What are your search engine choices?
If you are evaluating search engines for your project you will probably be considering our SearchUnit product against others such as Solr, ElasticSearch and Lucene. Below is an attempt to provide a frank look at the fundamental differences and likenesses of these search engines (and yes we have included weaknesses of our own product).Library versus Server
Perhaps the most fundamental difference to consider first is whether the engine is a library or a server. Your project may already be constrained to a library by its requirements, and it’s important to realize this as early as possible.
.NET Library - contained in a DLL, it runs as a part of your application. It is hosted by the .NET process that it is running in. Its DLL is bundled with your application.
Server - self-contained piece of software, it runs on the host operating system. Typically requires its own installer, and additional resources to run its own Java application server.
LIBRARIES | SERVERS | |||
---|---|---|---|---|
SearchUnit | Lucene.NET | ElasticSearch | Solr | |
Management GUI | Windows & Web | None | 3rd Party/Limited | 3rd Party/Limited |
Shared hosting OK | ✓ | ✓ | X | X |
Dedicated hosted OK | ✓ | ✓ | ✓ | ✓ |
Small footprint,(basic/initial,install requirements) | ✓ | ✓ | X | X |
OEM product inclusion, (ie can be bundled with a web application) | Easy | Easy | Harder (separate installer, or application server setup) | Harder (separate installer, or application server setup) |
API calls | Direct per standard .NET | Direct per standard .NET | Via HTTP request to server. RPC | Via HTTP request to server |
PDF, DOCX etc support | ✓ | X | ✓ | ✓ |
Azure support | Full | Full | Requires Azure VMs | Requires Linux HDInsight cluster |
Requires ASP.NET,(WebForms or MVC) | ✓ | ✓ | X | X |
To summarise, if your application is deployed to Azure, shared hosting or customer machines with an MSI, you will find a Library much easier to work with.

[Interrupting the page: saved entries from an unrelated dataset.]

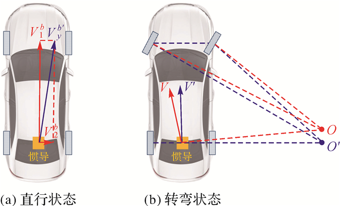 1.3 车辆非完整性约束分析在实际车辆导航中,车辆运动状态、车身振动、惯导安装位置以及安置角度等影响因素,使得车辆侧向和垂向速度为零的这一假设条件无法满足,导致NHC虚拟观测值存在误差,从而影响惯性误差推算的抑制效果。
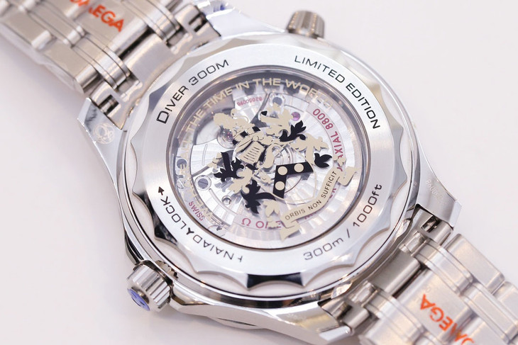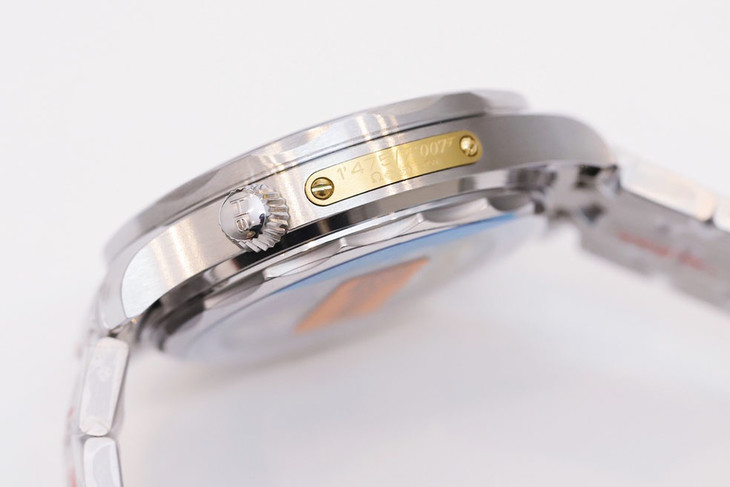 采用背透式设计,背透镜面上镌刻有007限量版金色盾牌徽章,彰显这款腕表作为詹姆斯邦德007的特点。OR厂的这款机芯搭载一体化8800机芯稳定耐用,因为机芯的摆轮位置和原版是一样的,没有什么大问题,也很难看出真假。
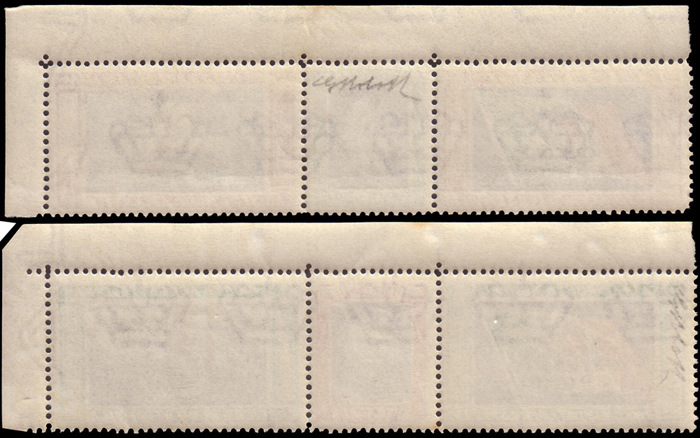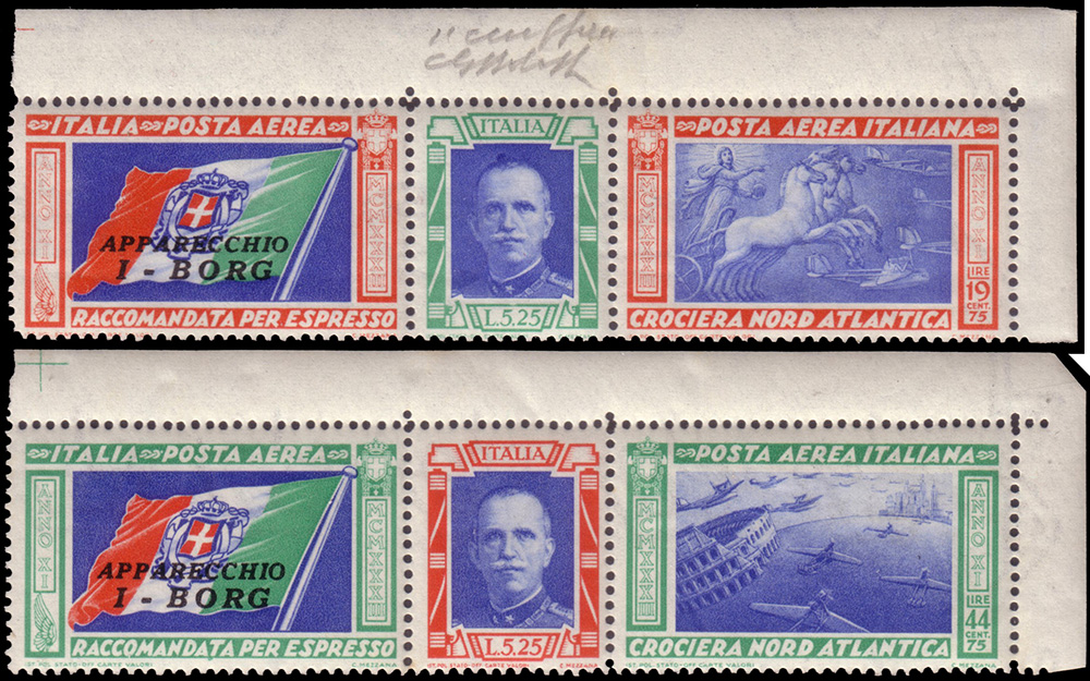 Posta aerea "Crociera del Decennale". Coppia di trittici soprastampati I-BORG.
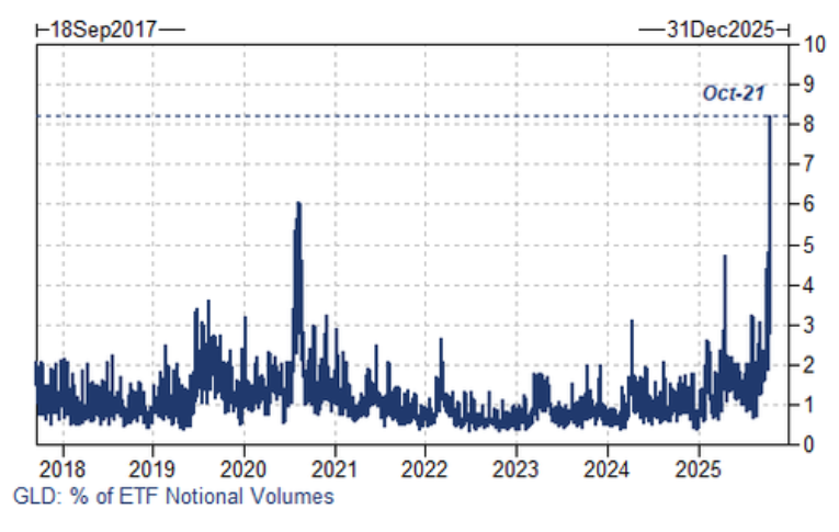 据高盛的数据,黄金ETF GLD的成交额一度占到美国所有上市ETF名义总成交额的8%,这是其数据库中有记录以来的更高份额。
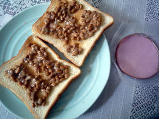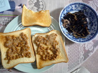 食パン2枚をトーストして納豆を
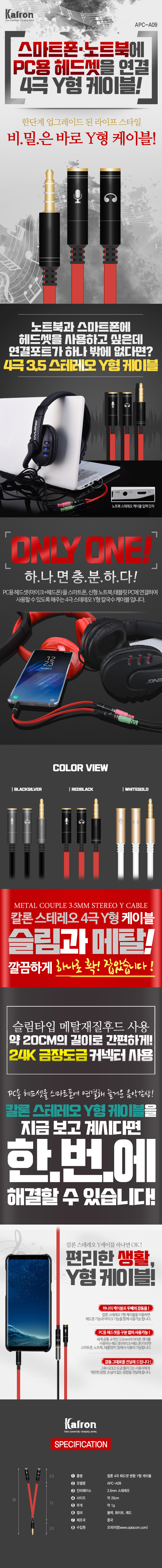 칼론 APC-A09 4극 헤드셋 변환 Y형 케이블
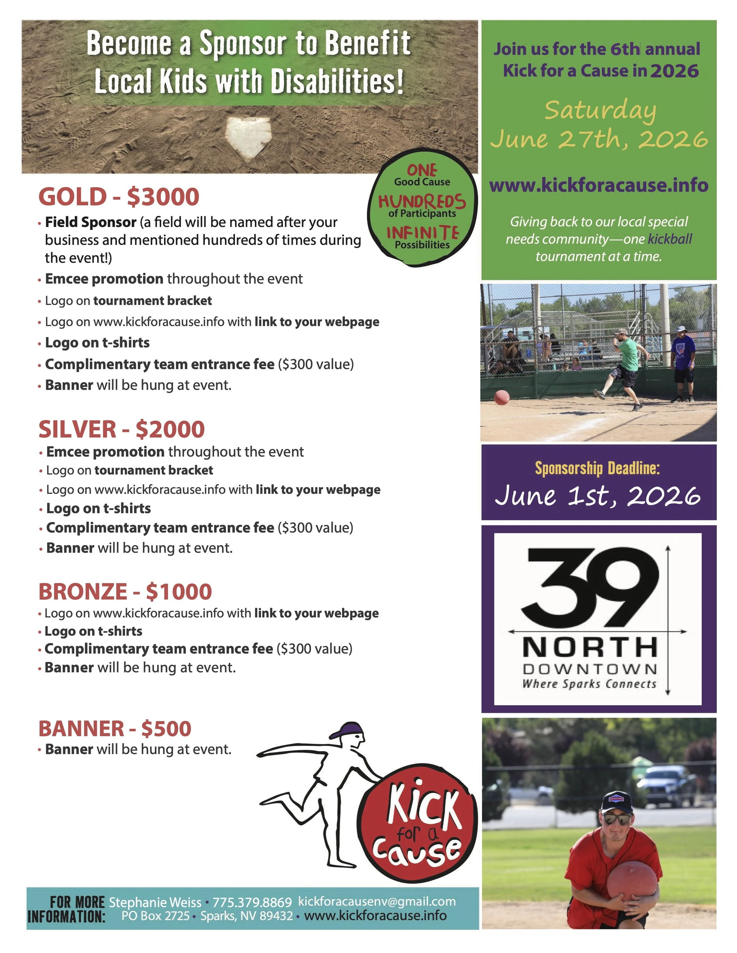 For more information on how to sponsor the Kick for a Cause Kickball tournament to help children in our community of different abilities, please send a message of inquiry to KickForACauseNV@gmail.com

If you have dedicated machines you can use a Library, or if there are the hardware specs necessary for a Server, then you have the option to install Solr or ElasticSearch too.
Weighing up SearchUnit against the alternatives
Features
Search engines have many many features and customers have customization requirements, all of which make comparisons long and dry. SearchUnit, ElasticSearch and Solr have a great deal of overlap – probably the biggest differentiators are:
Of the 4 above, Lucene does not have built in indexers for rich content such as pdf, MS Office etc.
SearchUnit, Lucene, ElasticSearch and Solr all support field based searching to various degrees but the latter 3 do have deeper support for field only searching.
Scaling
ElasticSearch, Solr and their commercial product derivatives are Enterprise grade search engine servers. They are capable of scaling beyond what SearchUnit currently can (it’s not easy to simply quantify that, but it’s in the ballpark of many millions of documents). SearchUnit can be hosted in server farm environments, however its indexes cannot be divided into sections (shards) that are hosted on separate machines. That means that if your project is scaling to the point where a single machine is unable to hold an entire copy of the search index (many millions of documents), SearchUnit will be unable to handle it.Implementation time/cost
SearchUnit has a simple intuitive GUI that the others do not. After running the installer you can have a searchable index running within 5 minutes, and have added search to your own pages in 10-20 more minutes.
Lucene is really an information retrieval system, and although it is suggested as a search engine solution it really does lack important features that a search engine requires. This is one reason that Solr and ElasticSearch (which are based on Lucene) exist.
Solr and ElasticSearch themselves have commercial wrappers, because they are not as straightforward to use as they could be. Implementing these open source engines fully will conservatively require 2 to 3 weeks, and necessitate ongoing maintenance, which puts their true cost in the high thousands.